See more at eMarketer. Or KPCB for internet trends. Or Invisia for more.

The Future of Book Publishing (or “what I found while procrastinating writing my book”)

Holy crap. Check out this former editor who’s gone all foaming-mouth, Huffington-like crazy about the digital impact on traditional media and publishing. Now sit down and read this, because you might just learn something important. Sit. Sittttt. Good boy.

Richard Nash is the kind of guy that would either enthrall you over a 2nd martini or bore you to terminal, self-induced intoxication. There can be no middle ground. I suppose for me, I’d be leaning over listening with violent interest until the third martini, at which point I’d use the gesture my kids adopted from a recent Warner Brothers classic: Bugs Bunny is confronted by a poor sap that says, “pardon me, can you help out a fellow American who’s down on his luck?” Bugs reaches into his pocket, pulls out his thumb, and shouts “hitt daaaa rooooadddd.”

Some excerpts from his “Book Publishing 10 Years in the Future” are so profound I need another cup of coffee to understand them. I added some quotes because otherwise it’s as hard to understand as a Dennis Miller rant, boasting obscure references that make you feel smart if you bat 20% (which is not how the sporting kids are scoring these days).

  • In 2020 we will look back on the last days of publishing and realize that it was not a surfeit of capitalism that killed it, but rather an addiction-to-a-mishmash of Industrial Revolution practices that killed it, including a Fordist “any color so long as it is black” attitude to packaging the product, a Sloanist “hierarchical management approach to decision making,” and a GM-esque “continual rearranging of divisions like deck chairs on the Titanic based on internal management preferences rather than consumer preferences.”
  • In 2020 some people will still look back on recent decades as a Golden Age, just as some now look back on the 1950’s as a Golden Age, notwithstanding that the Age was golden largely for white men in tweed jackets who got to edit and review one another and congratulate one another for permitting a few women and the occasional Black man into the club.
  • In 2020 the disaffected twentysomethings of the burgeoning middle classes of India, China, Brazil, Indonesia will be producing novels faster than any of us can possibly imagine.

So there’s Nash’s Dystopian third phase of publishing evolution (the first two I lift from “The Last Lecture“):

  1. Buy an Encyclopedia, written by invite-only guests and largely unedited.
  2. Democracy takes over with Wikipedia.
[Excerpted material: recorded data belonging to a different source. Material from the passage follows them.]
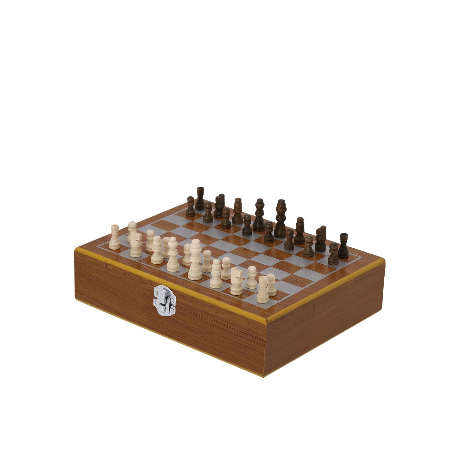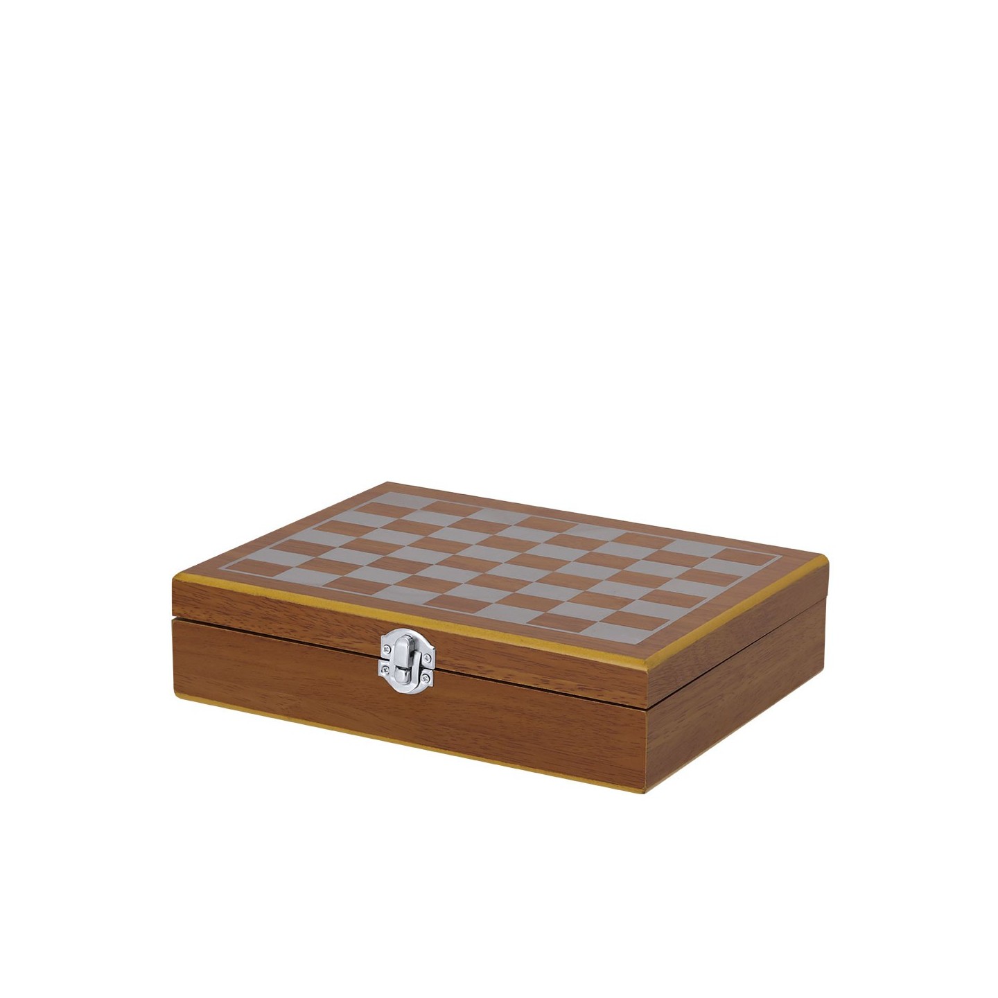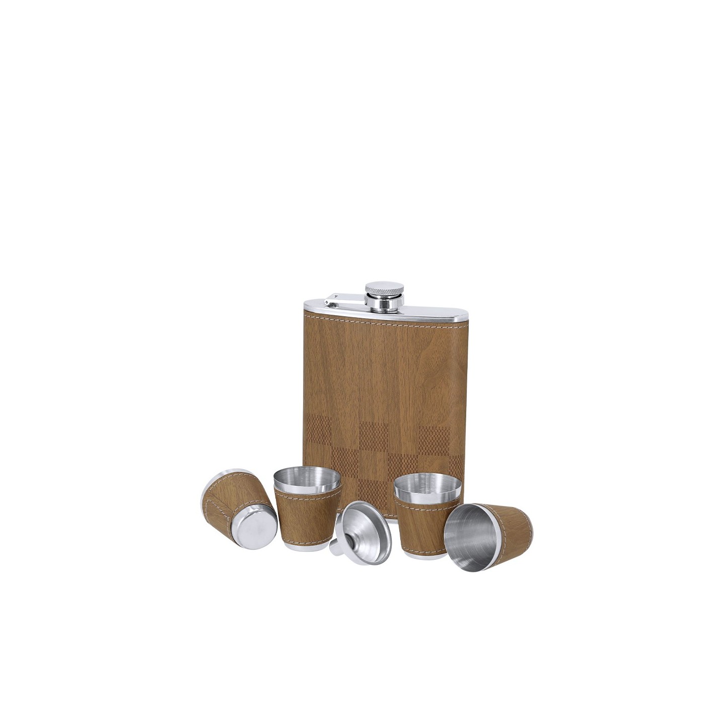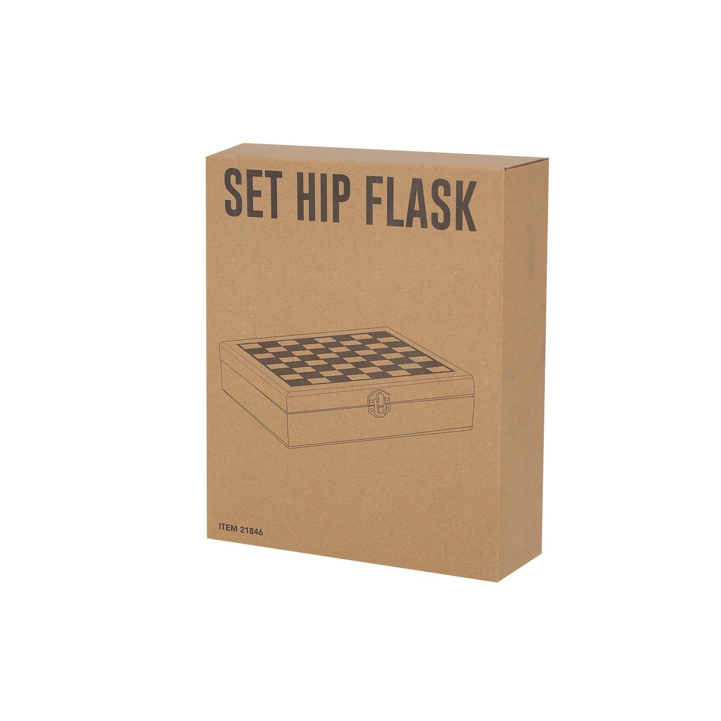 Set Petaca FLEET con acabado en madera, diseño de ajedrez, petaca de 220 ml, cuatro vasos, embudo y juego de ajedrez. Personalizable con logotipo, elegante y único.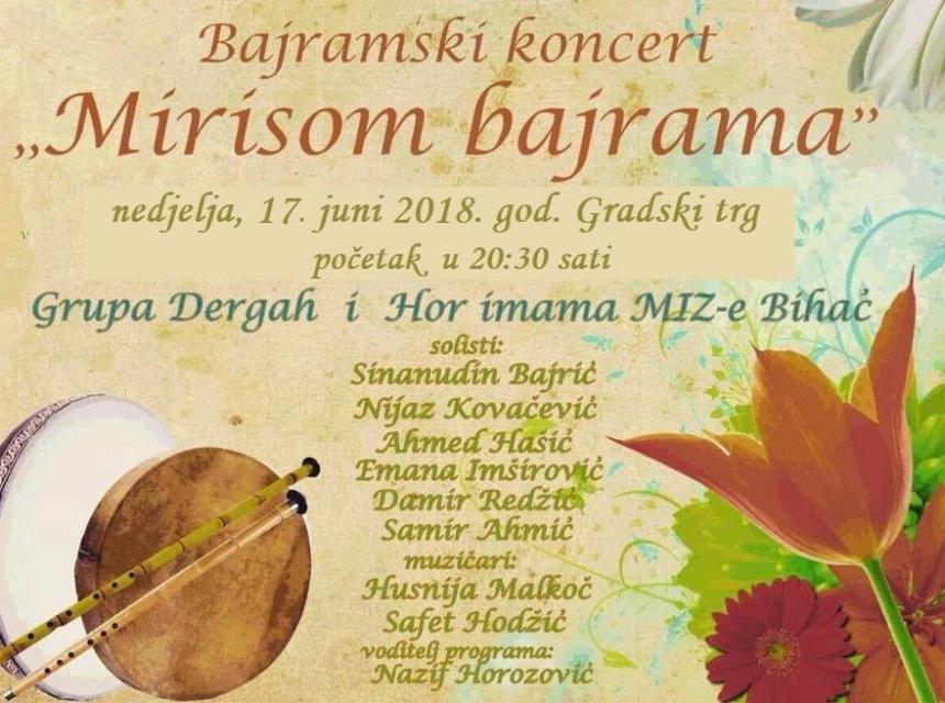 Nakon degustacije i bajramskog čašćenja na gradskom trgu će početi veliki bajramski koncert u kojem će učestvovati Hor imama Medžlisa IZ Bihać i hor Dergjah, te solisti Sinanudin Bajrić, Nijaz Kovačević, Ahmed Hašić, Emana Imširović, Damir Redžić, Samir Ahmić, te muzičari Husnija Malkoč i Safet Hodžić. Voditelj programa je Nazif Horozović.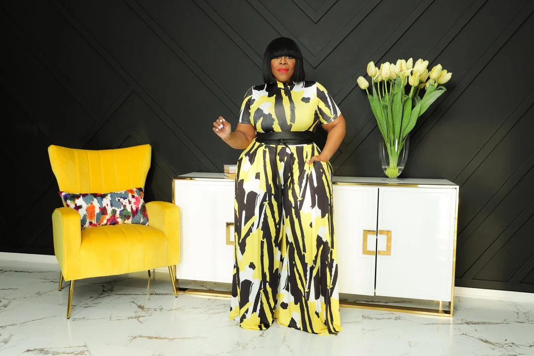 Curvaceous Boutique Yellow Geometric Palazzo Set
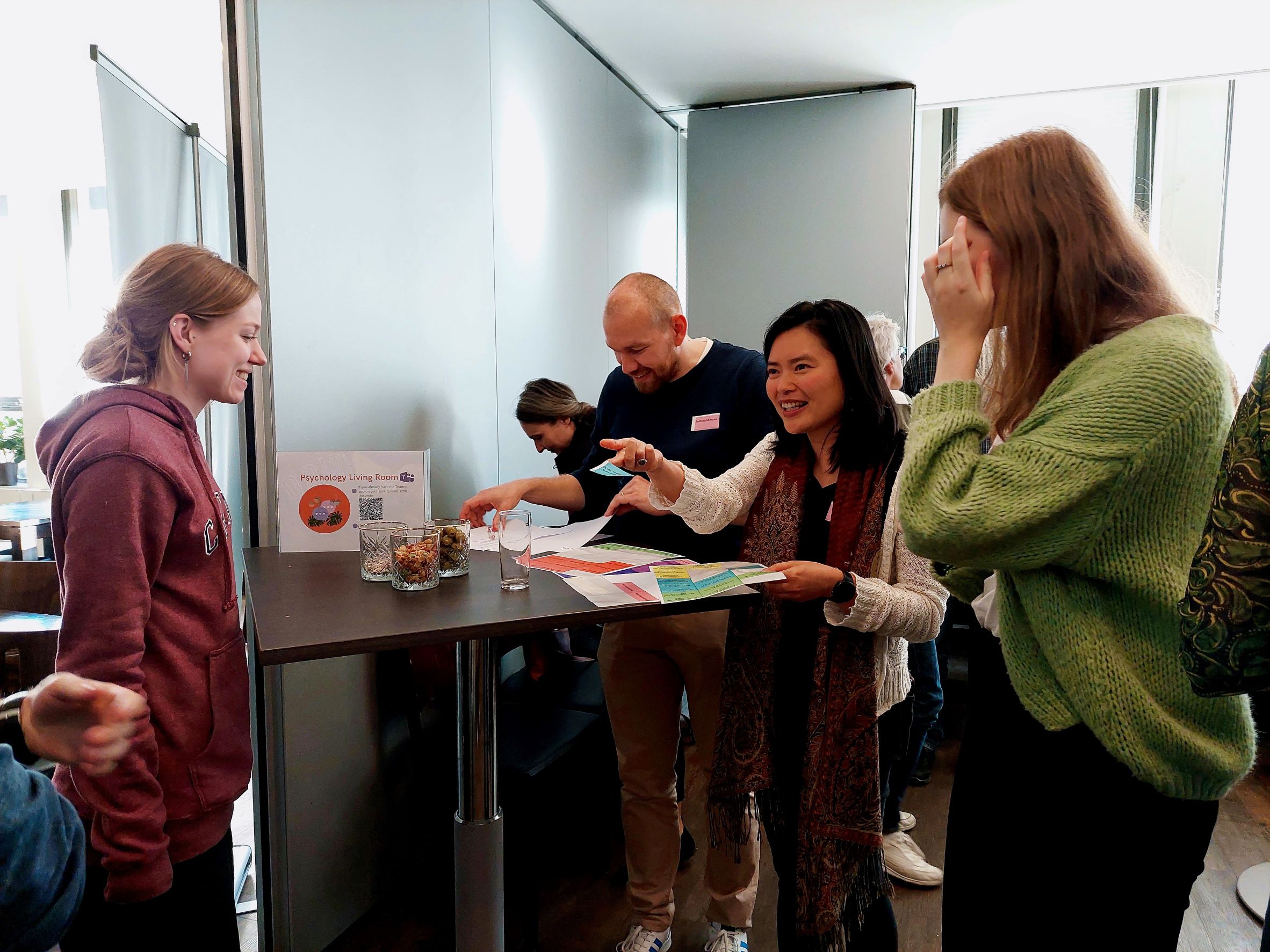 Wierenga sluit de eerste Psychology Connected­­­-sessie af en Michiel van Elk luidt de borrel in. Met een biertje of fris praten zo’n vijftig collega’s na. Niet alleen over het klimaat, maar ook over hoe het is om als PhD’er op de universiteit te beginnen en of iedereen Leids Ontzet heeft overleefd.

Turns out it’s more accurate and self-healing than Britannica.
  3. Whoops. Wikipedia forgot that profit thing, but the pleas from the founder are charming. Along come the $5 per hour researchers that mass produce content, QA it on the cheap, and dollar-store dispense it (or fund it with porn ads).

I almost feel like it’s treason for me to reference his power puke on publishing since I’m working on a book with a major publisher. But what else am I going to do to entertain myself while I procrastinate? Geez I hope they don’t read this.

So here’s the thing, though. Any sap could write “Beyond Viral Video” like I am, but don’t we factor in the author when we buy content? Would I have purchased Randy Pausch’s book-on-tape without the story behind him, his death, his hope, his dreams and his family?

Damnit, Nash. I’m not going to buy a self-help book written by a guy that used to answer the phones for Dell am I?

Maybe he’d encourage me to find my inner Buddha, which conflicts with my religion-du-jour: “listen to the voice of your inner African American grandmother.”